Через три дня после помолвки. С утра я «обряжала» скотину, а потом вместе с мачехой села на прялку, размышляя о своей загубленной доле. В кутном углу нашей курной избы стояла долбленная колода, в которой по утрам запаривали рубленную солому с мякиной. Перед колодой «завтракала» довольная и лукавая рыжуха.
Каждое утро зимой лошадь выходила из хлева, поднималась по пологому настилу в сени. Уцепив зубами дверную обшивку, она отворяла дверь в избу и тихим ржанием просила корма.
Но вот дверь отворилась. Высокий порог переступил сутулый и угрюмый жених. Заметив угрожающую морду лошади, он испугался, отпрянул, но запутавшись в новом длинном полушубке, упал. Гостинец невесте – пшеничный каравай выпал из рук жениха и покатился под ноги лошади. Я засмеялась.

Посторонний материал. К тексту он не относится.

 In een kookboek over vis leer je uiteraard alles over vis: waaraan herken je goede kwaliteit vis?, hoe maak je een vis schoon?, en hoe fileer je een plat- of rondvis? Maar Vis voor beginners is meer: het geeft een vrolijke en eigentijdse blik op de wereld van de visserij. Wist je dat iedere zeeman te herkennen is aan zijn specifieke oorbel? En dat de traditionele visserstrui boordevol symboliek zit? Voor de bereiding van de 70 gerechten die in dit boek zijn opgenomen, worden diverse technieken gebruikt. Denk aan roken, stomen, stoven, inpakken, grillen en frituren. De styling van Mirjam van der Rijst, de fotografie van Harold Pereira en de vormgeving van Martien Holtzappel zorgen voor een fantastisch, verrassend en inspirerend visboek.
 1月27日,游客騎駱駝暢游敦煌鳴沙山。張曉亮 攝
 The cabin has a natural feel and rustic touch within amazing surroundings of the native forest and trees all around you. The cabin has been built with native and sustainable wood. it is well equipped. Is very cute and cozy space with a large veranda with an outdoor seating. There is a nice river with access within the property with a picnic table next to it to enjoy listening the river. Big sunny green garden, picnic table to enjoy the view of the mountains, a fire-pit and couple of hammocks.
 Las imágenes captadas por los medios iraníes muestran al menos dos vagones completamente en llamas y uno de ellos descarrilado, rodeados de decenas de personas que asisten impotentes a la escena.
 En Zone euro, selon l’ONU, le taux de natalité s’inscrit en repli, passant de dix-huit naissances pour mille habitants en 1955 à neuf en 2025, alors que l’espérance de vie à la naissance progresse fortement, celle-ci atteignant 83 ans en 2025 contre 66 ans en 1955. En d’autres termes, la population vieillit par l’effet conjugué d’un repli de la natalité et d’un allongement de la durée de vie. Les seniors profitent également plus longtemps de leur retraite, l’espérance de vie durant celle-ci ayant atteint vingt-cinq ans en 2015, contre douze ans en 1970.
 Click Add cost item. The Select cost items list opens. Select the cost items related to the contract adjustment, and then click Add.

Диковатый и нескладный Афонька, тоже принужденный жениться, разрыдался и хотел убежать. Но смекалистая его будущая теща успела схватить паренька за рукав, прикрикнуть на хохотавшую невесту, чтобы подняла гостинец. Хозяйка помогла гостю раздеться, угостила чаем с леденцами и морковным пирогом, а потом твердила мне – «стерпитьця, слюбитьця».

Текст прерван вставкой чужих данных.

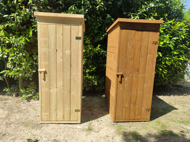 Fabriquées en lames de pin massif de 20 mm d'épaisseur, les surfaces intérieures et extérieures de votre toilette sèche sont brutes et prêtes à recevoir le traitement de votre choix : huile, lasure, peinture, etc.
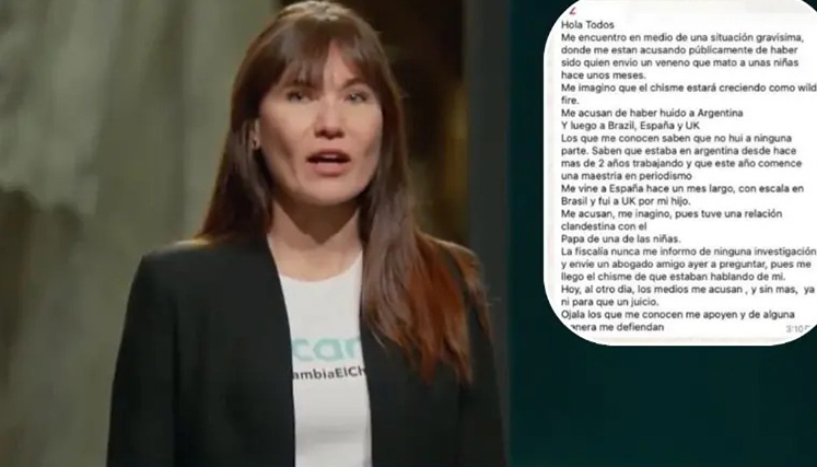 En este punto entra en escena Guzmán, porque después de los hechos salió del país con destino a Argentina y luego a Europa. Sin embargo, se conoció un supuesto mensaje de WhatsApp enviado desde un número argentino que ella habría compartido con un grupo de personas para aclarar la situación.
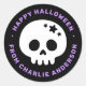 Des autocollants ronds Happy Halloween avec un crâne blanc mignon et des étoiles. Autour du crâne, il y a du texte personnalisé dans une police violette et en gras "Happy Halloween" et votre nom. Arrière - plan noir. Toutes les couleurs sont personnalisables.
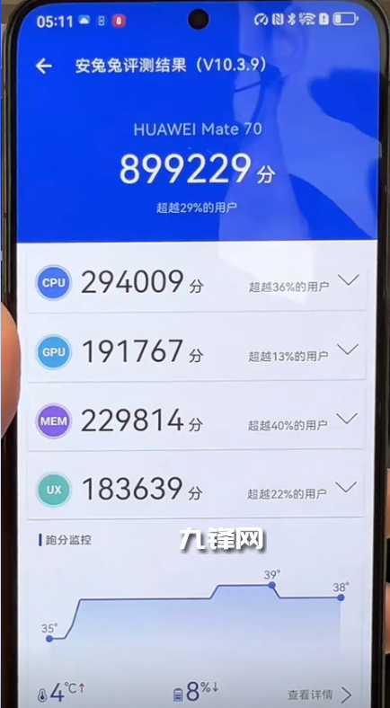 也就是說,華為Mate70標(biāo)準(zhǔn)版搭載的是麒麟9010芯片,實測性能跑分在89萬左右。
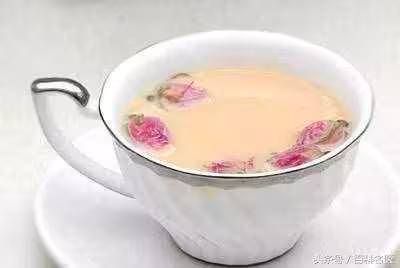 製法:將紅茶與玫瑰花一同放入茶壺中,用開水沖泡,倒入牛奶,待溫後調入蜂蜜即可。

После горестной свадьбы с нелюбимым, неласковым мужем, для меня нацалась новая жизнь в цужой семье. К моей радости, родители мужа оказались не суровыми. Свекор пытался ободрить невестку ласковым словом. Свекровка пекла для молодоженов пироги, варила студень, отпускала нас на воскресные гулянья. Золовка Домна, несмотря на хилое здоровье, стала первой моей помошницей и советцицей в делах.
Подруги мои тоже повыходили замуж и редкая из них сама выбирала себе жениха. Под венец шли по приказу родителей, проклиная потом своей невольное замужество. Через два-три года, прежде румяная и жизнерадостная девушка превращалась в увядшую печальницу, нередко уходя преждевременно в могилу от побоев мужа и других тягот.
Потому-то при выходе замуж, невестка выла, оплакивая свое девичество. Даже в такой развеселый праздник, как масленица, молодайки приезжавшие с мужьями в Выселки качаться на кацелях, запевали снацала «Девицью волю»:
И только после этой песни слышались веселые, но их запевали уже девушки, не вкусившие полынного замужества.
На третий год замужней жизни у меня родился первенец – Пантелей, журавлями вой весны, неторопко тянулись только скробные годы…»
Тяжело вздохнув, Аграфена замолчала и ей вдруг представилось как погибла ее добрая свекровка, которая вечером легла спать, а утром… не проснулась. Позвали знахарку Уголиху, умевшую предсказывать на угольях. Та посмотрела на умершую и молвила: «Кажись, как живая лежит». К лицу умершей приставили зеркало, а оно не вспотело. Перекрестившись, Уголиха изрекла: – «Преставилась, грешница, царство ей небесное. Хоронить надо Петровну».
Сенокос торопил. Пелагею схоронили на другое утро, а вечером того же дня, дьячок проходил мимо свежей могилы и услышал стон. Прочитав от дьявольского наваждения молитву: «Да воскреснет Бог…», дьячок снова услышал стоны и кинулся к попу. Но когда разрыли могилу, было уже поздно. Очнувшаяся от летаргического сна, женщина долго мучилась от удушья, рвала на себе волосы, исцарапала лицо в кровь, перевернулась на живот, да так и застыла. Прибывшие стояли в оцепенении. Затем священник строго наказал дьячку и работнику не разглашать тайны, потому как за захоронение живого человека, попа могли лишить сана. И все же, дьячок не утерпел. Подвыпив однажды на празднике и увидев моего деда Панкрата Житова, он сообщил о страшной смерти его жены – Пелагеи.
Беда, как говорят, не ходит в одиночку. Вскоре после гибели свекровки, на побывку из города прибыл родич свекра и привез с собой заразную кожную болезнь. В крестьянских семьях тогда обычно ели все домочадцы из одной чашки, утирались одним полотенцем. Через него-то и заразилась Груня «порчей» – так называли в деревне эту болезнь.
Она догадалась о своей беде, когда на теле появились раны. Больную поместили в баню. Раз в день через банное окно золовка просовывала ей хлеб и кружку воды. Опасаясь заразы, соседи советовали Афанасию уморить или искалечить жену, чтобы потом был предлог от нее избавиться.
Когда Домна ушла в монастырь на богомолье, Груне перестали приносить еду. Суеверные соседи внушали ее семилетнему сыну: «Матка твоя поганая стала, заразит всех, если от нее не избавиться. Возьми ухват, выколи ей глаза, а то мы все от нее погибнем». «С малого и глупого какой спрос?» – думали они.